Non vi è inadempimento professionale e responsabilità del commercialista per versamenti di imposta omessi dal cliente, se l’erronea elaborazione degli importi dichiarati come dovuti è determinata sulla base dei dati forniti dallo stesso. In altri termini, non si può pretendere un’autonoma attivazione, da parte del professionista, finalizzata ad aggiornare la base dei dati in suo possesso per determinare correttamente il debito di imposta. A tali conclusioni è giunto il Giudice di pace di Taranto, con la sentenza 509/1/2018 depositata lo scorso 8 febbraio, affrontando una questione afferente l’omesso versamento di tributi locali (Ici), ma affermando princìpi che sono dirimenti per individuare limiti e profili della responsabilità contrattuale nel rapporto con la clientela anche in altri ambiti professionali.
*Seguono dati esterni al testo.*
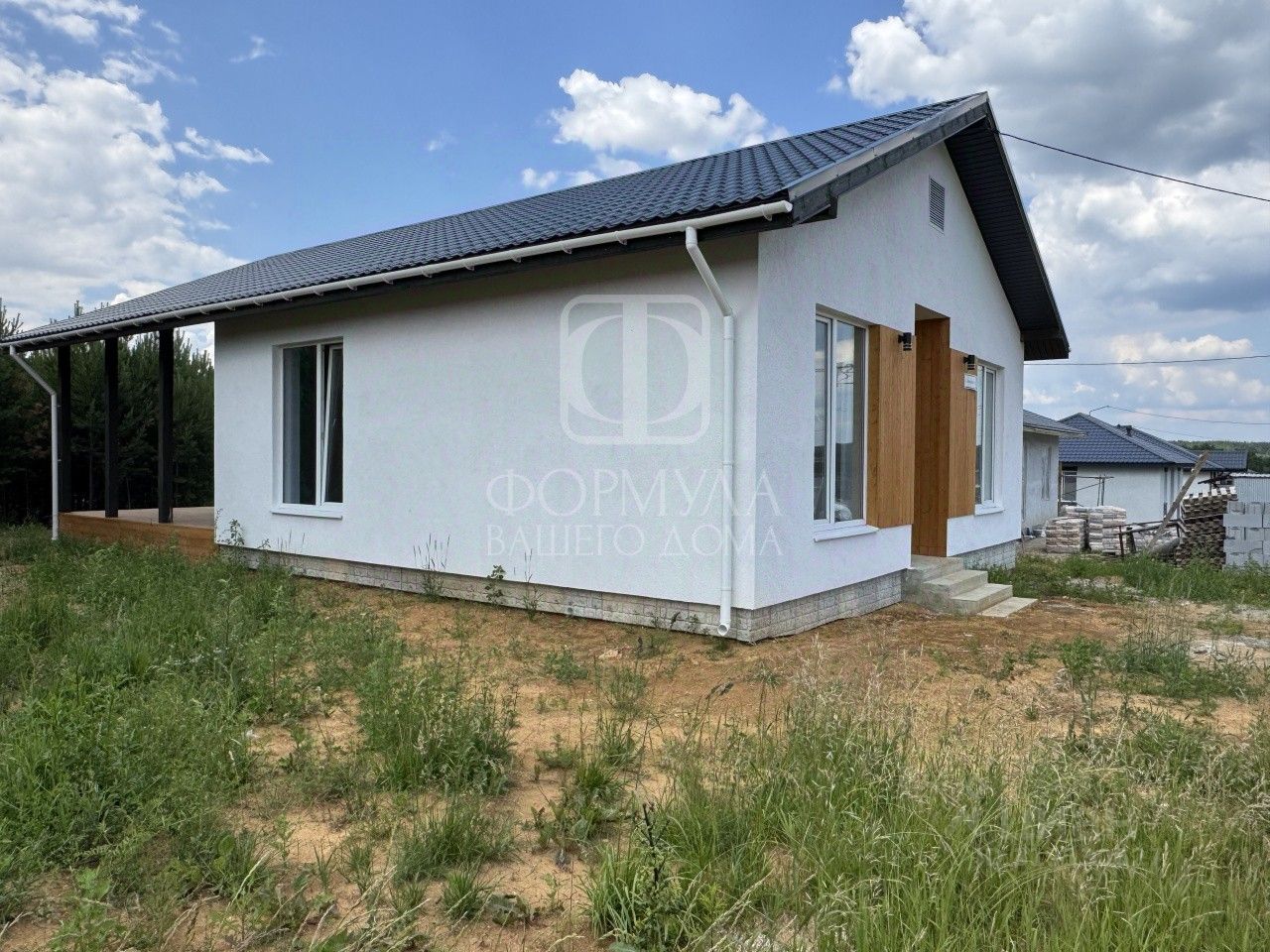 Продается дом 72 метров квадратных с двумя спальнями,с двумя сан.узлами, просторной гостиной с кухней, с теплой прихожей по каркасно-щитовой технологии. Фундамент - утепленная шведская плита (УШП) 300 мм. Каркас - обвязка из сосны камерной сушки, базальтовый утеплитель 200 мм, OSB, гидроизоляционная мембрана снаружи и паропроницаемая внутри. Фасад - декоративная штукатурка. Окна - пластиковый профиль 70 мм с 2-х камерным стеклопакетом. Кровля - металлочерепица с минеральным утеплителем 300 мм. Отопление - водяной теплый пол с электрическим котлом 9кВт. Произведена полная разводка электрики и монтаж перегородок. Стяжка и гипсокартон закуплены. Возможно сделать под конкретного покупателя чистовую отделку по отдельной смете. Площадь участка 8 соток в подарок Септик на 4 кольца, скважина 40 метров, электричество 15кВт. Дренаж всего контура дома и участка. Гибкая отмостка Плантер с декорированием речной галькой. Дорожки из бетонной плитки, гальки и скалы. Забор из габионов с рейкой. Фундамент под баню.

Nel caso di specie, tre commercialisti associati venivano convenuti in giudizio e la parte attrice domandava la condanna degli stessi al risarcimento del danno asseritamente derivato dall’accertamento dei tributi omessi e relative sanzioni irrogate dall’ente impositore. Il cliente riteneva sussistesse un diritto alla rifusione per l’erronea elaborazione degli importi dovuti, mentre i commercialisti ritenendo che fosse onere precipuo del cliente informare il professionista delle avvenute modificazioni, respingevano come infondata la pretesa, in quanto il contribuente non aveva comunicato le variazioni dei dati immobiliari per la cui mancata indicazione era stato sanzionato.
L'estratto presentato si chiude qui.